_EXERCISE BRIEF_: Leave the pictures in the listing below aside and reproduce exactly the lines starting with the one with "2023年12月1日上午,公" and going on through the one with "2010年1月4日,日本東京", both ends included.
== DATASET RECORDS
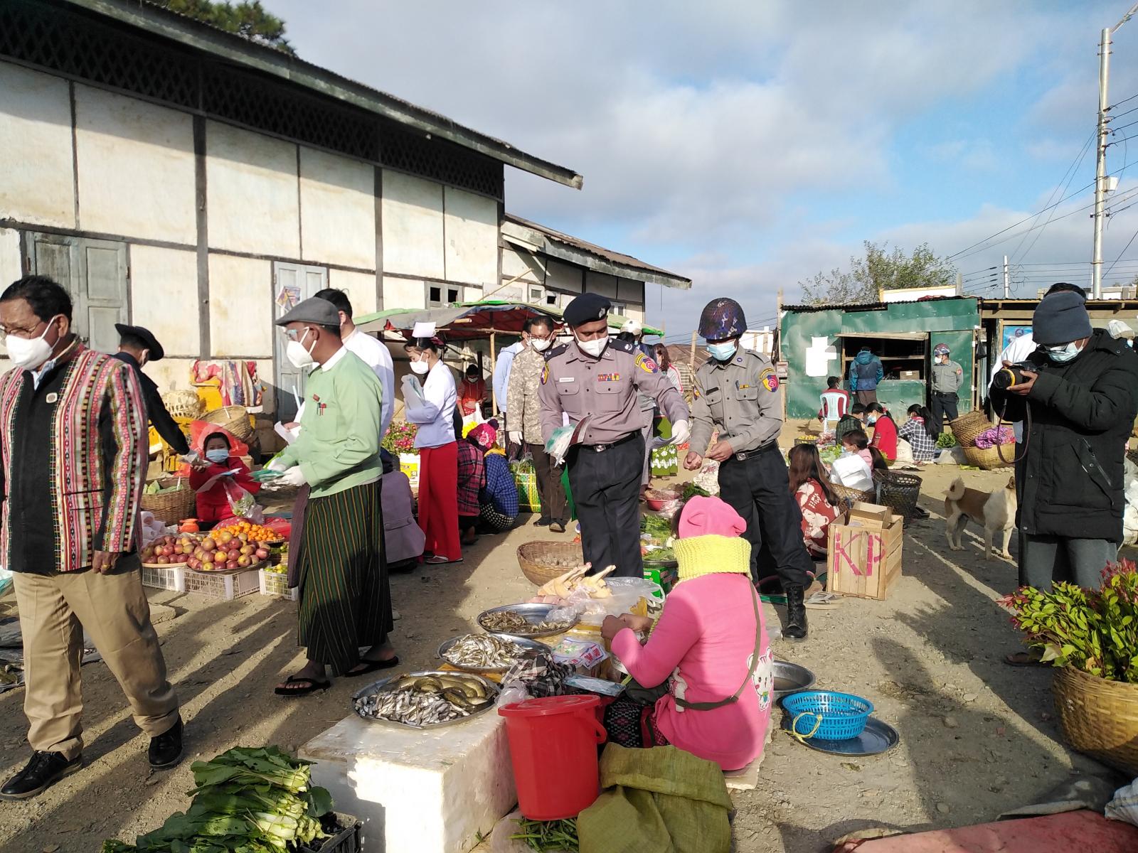 မင်းတပ်မြို့ခရိုင်အဆင့်၊ မြို့နယ်အဆင့်ဌာနဆိုင်ရာဝန်ထမ်းများနှင့် ပြည်သူ့လွှတ်တော် ကိုယ်စားလှယ်များ၊ အမျိုးသားလွှတ်တော်ကိုယ်စားလှယ်များက ကိုဗစ်-၁၉ ရောဂါဖြစ်ပွားနေစဉ် ကာလအတွင်း ဒေသခံပြည်သူများ အပြင်ထွက်ပါက နှာခေါင်းစည်းများတပ်ဆင်ကြရန်နှင့် ကိုဗစ်-၁၉ ရောဂါအသိပညာပေး လက်ကမ်း စာစောင်များကို သိရှိကြရန်ရည်ရွယ်၍ အခမဲ့ဖြန့်ဝေ ရခြင်းဖြစ်ကြောင်း နှာခေါင်းစည်းများနှင့် ကိုဗစ်-၁၉ ရောဂါဆိုင်ရာလက်ကမ်းစာစောင်များကို လမ်းသွားလမ်းလာများနှင့် စျေးဝယ်လာပြည်သူများ၊ စျေးအတွင်း ရောင်းချနေသည့် စျေးသယ်များကို အခမဲ့ဖြန့်ဝေပေးခဲ့ပြီး အသိပညာ များပေးလျက်ရှိကြောင်း သိရသည်။
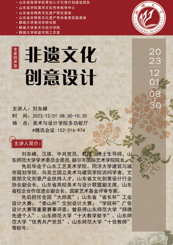 2023年12月1日上午,公海gh555000aa线路检测邀请山东师范大学学术委员会委员、赫尔岑国际艺术公司经理、博士生导师刘东峰教授,在公司一楼多功能厅作线上《非遗文化创意设计》学术报告。报告由非遗工坊研修班班主任刘昆副教授主持,研修班全体学员和公司部分师生40余人参加了报告会。
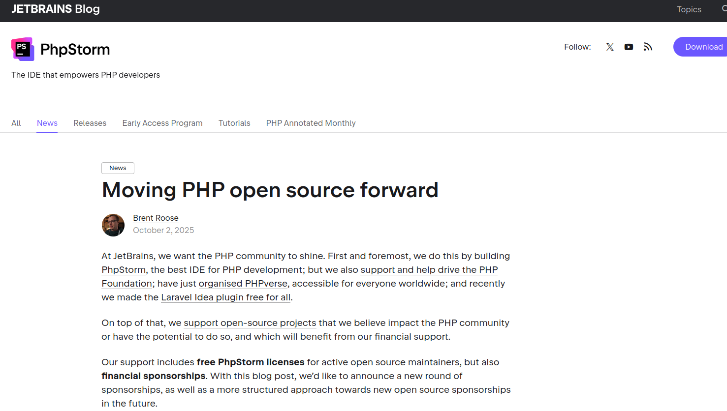 👉 Ne pas oublier : JetBrains est un sponsor majeur de la PHP Foundation ; payer sa licence JetBrains, c’est contribuer directement à #PHP.
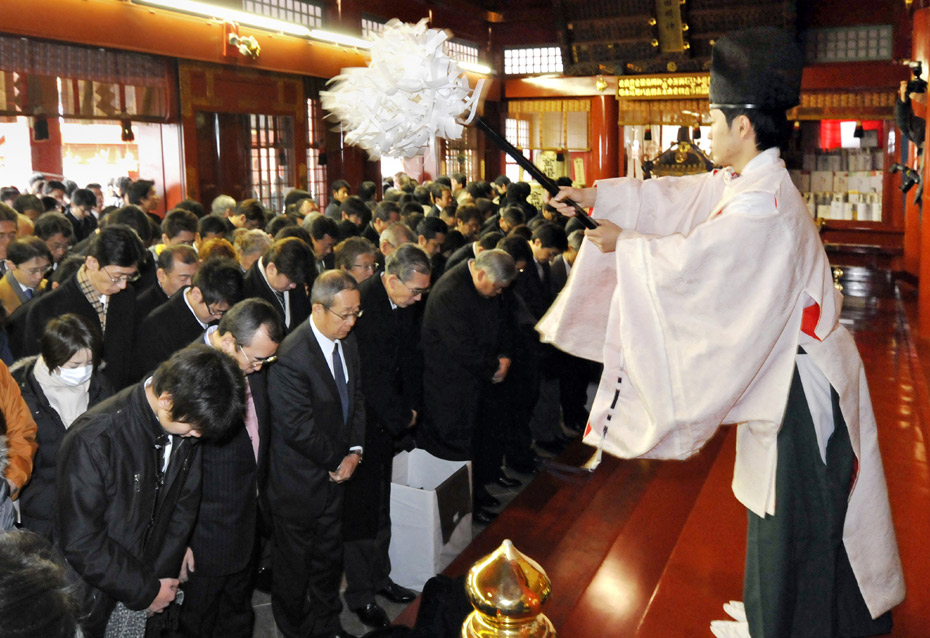 2010年1月4日,日本東京,商人聚集在神田神社里祈福,希望在新的一年里生意興隆。當(dāng)天是日本股市2010年首個(gè)交易日,市場(chǎng)升勢(shì)延續(xù)。圖片來(lái)源:中國(guó)新聞網(wǎng)
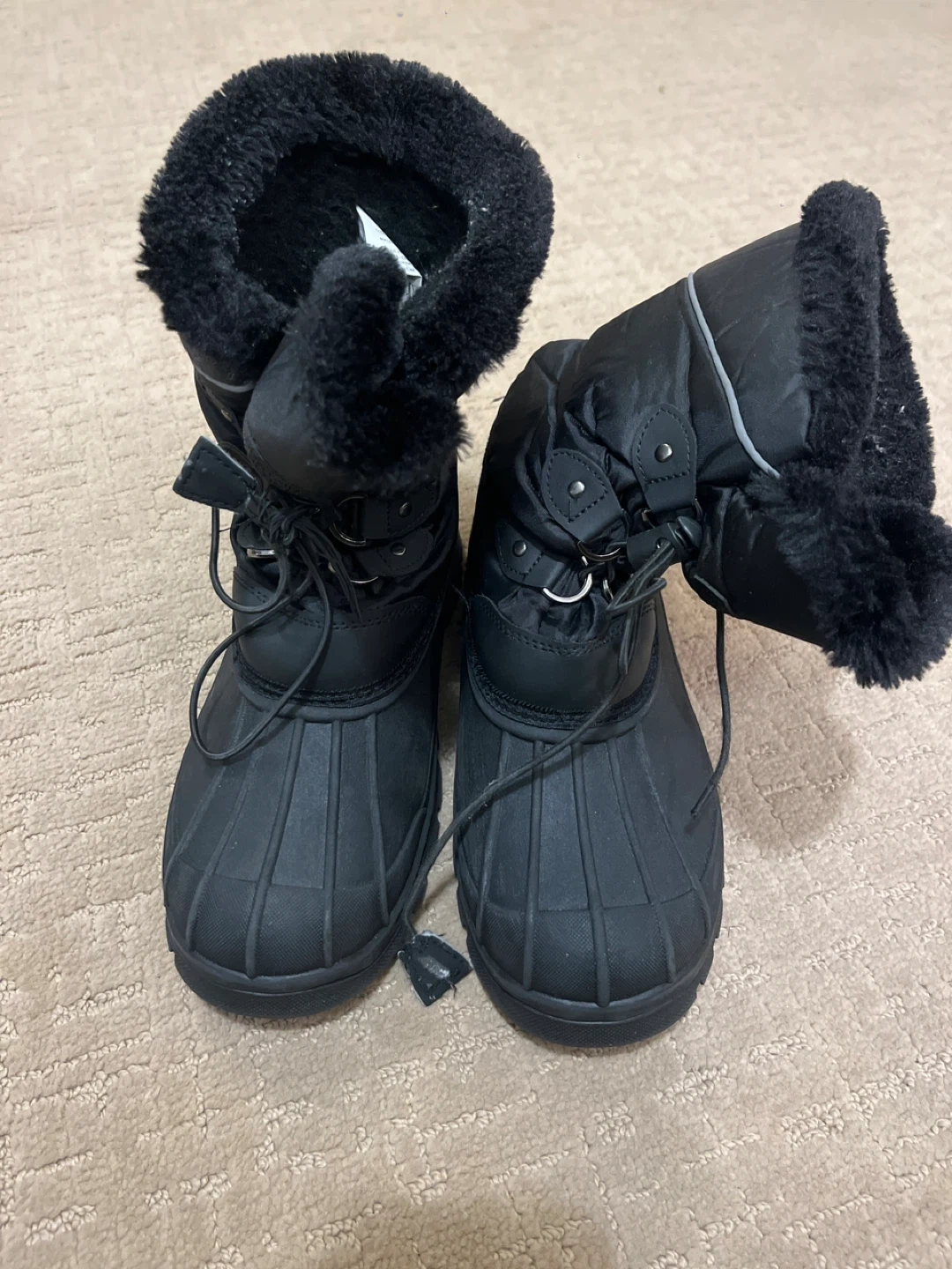 10Selling a pair of kids black winter snow boots. They are in good condition and ready for the snow! Size 6.
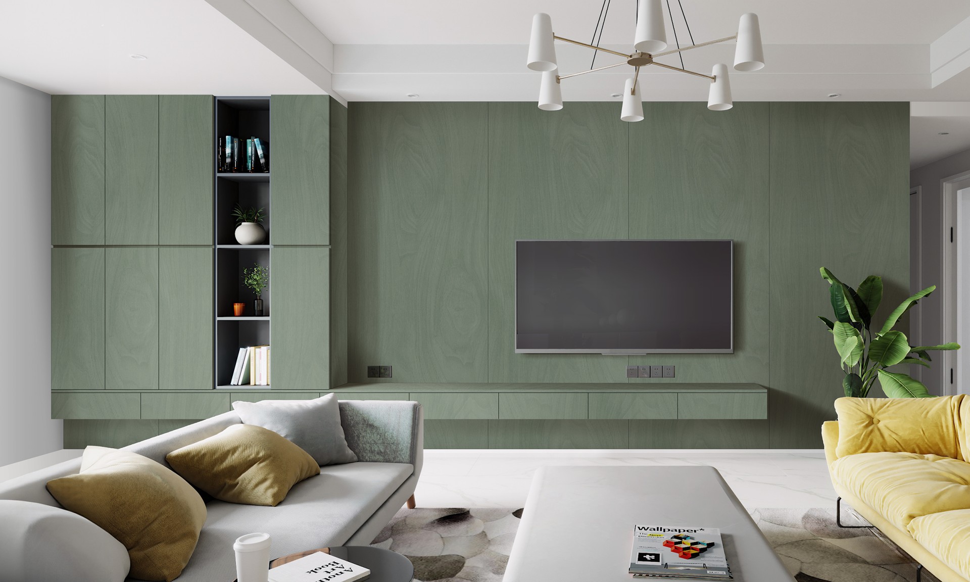 其清新綠意給予書房一種充滿活力的感覺,仿佛身處於一片清涼的森林中,
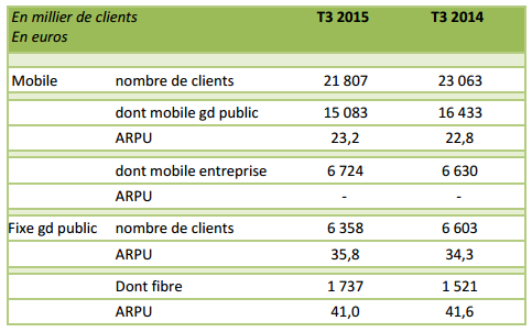 Au 3ème trimestre 2015, le groupe a augmenté à la fois l’ARPU (revenu moyen par abonné). L’ARPU mobile (abonnements et prépayés) a continué de progresser au troisième trimestre pour atteindre 23,2€, en hausse de 2,2% par rapport au deuxième trimestre 2015. L’ARPU des abonnés mobile a également augmenté pour atteindre 26,5€, en hausse de 1,7% par rapport au deuxième trimestre 2015.
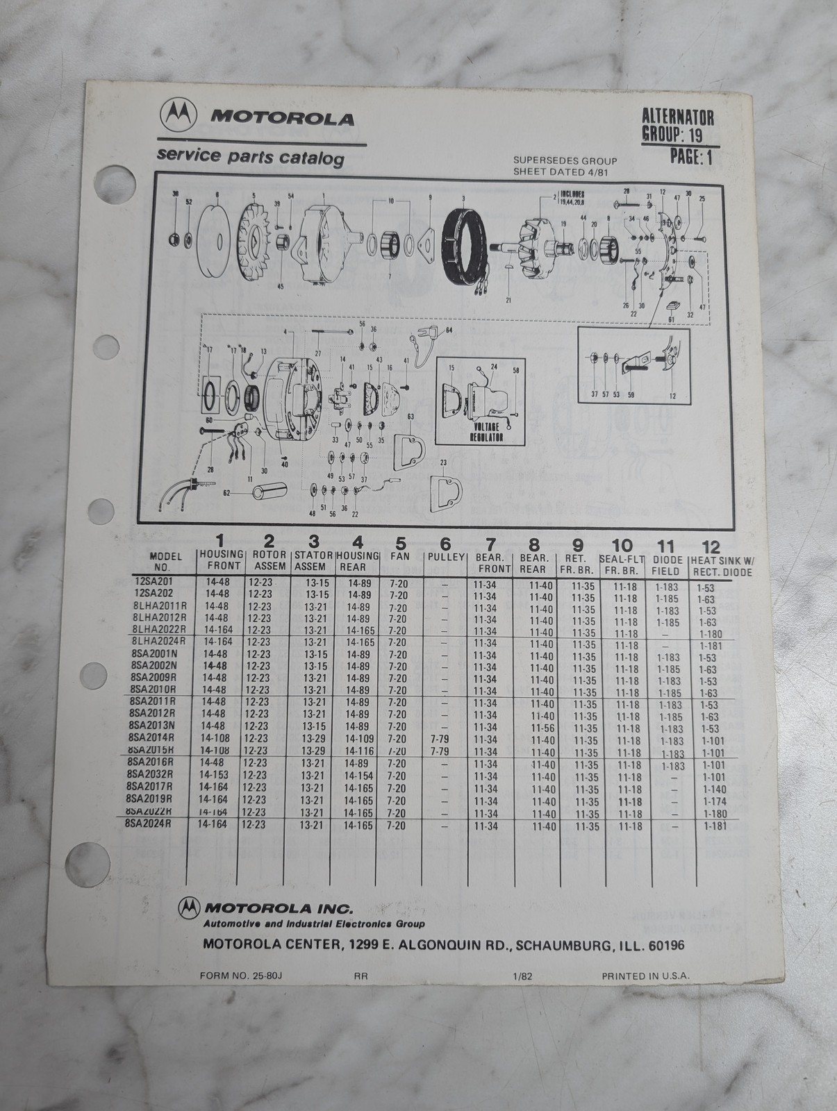 Motorola Service Parts Catalog Book List Manual Alternator Group 19 1981
====
_OUTPUT OF THE TASK_:
 2023年12月1日上午,公海gh555000aa线路检测邀请山东师范大学学术委员会委员、赫尔岑国际艺术公司经理、博士生导师刘东峰教授,在公司一楼多功能厅作线上《非遗文化创意设计》学术报告。报告由非遗工坊研修班班主任刘昆副教授主持,研修班全体学员和公司部分师生40余人参加了报告会。
 👉 Ne pas oublier : JetBrains est un sponsor majeur de la PHP Foundation ; payer sa licence JetBrains, c’est contribuer directement à #PHP.
 2010年1月4日,日本東京,商人聚集在神田神社里祈福,希望在新的一年里生意興隆。當(dāng)天是日本股市2010年首個(gè)交易日,市場(chǎng)升勢(shì)延續(xù)。圖片來(lái)源:中國(guó)新聞網(wǎng)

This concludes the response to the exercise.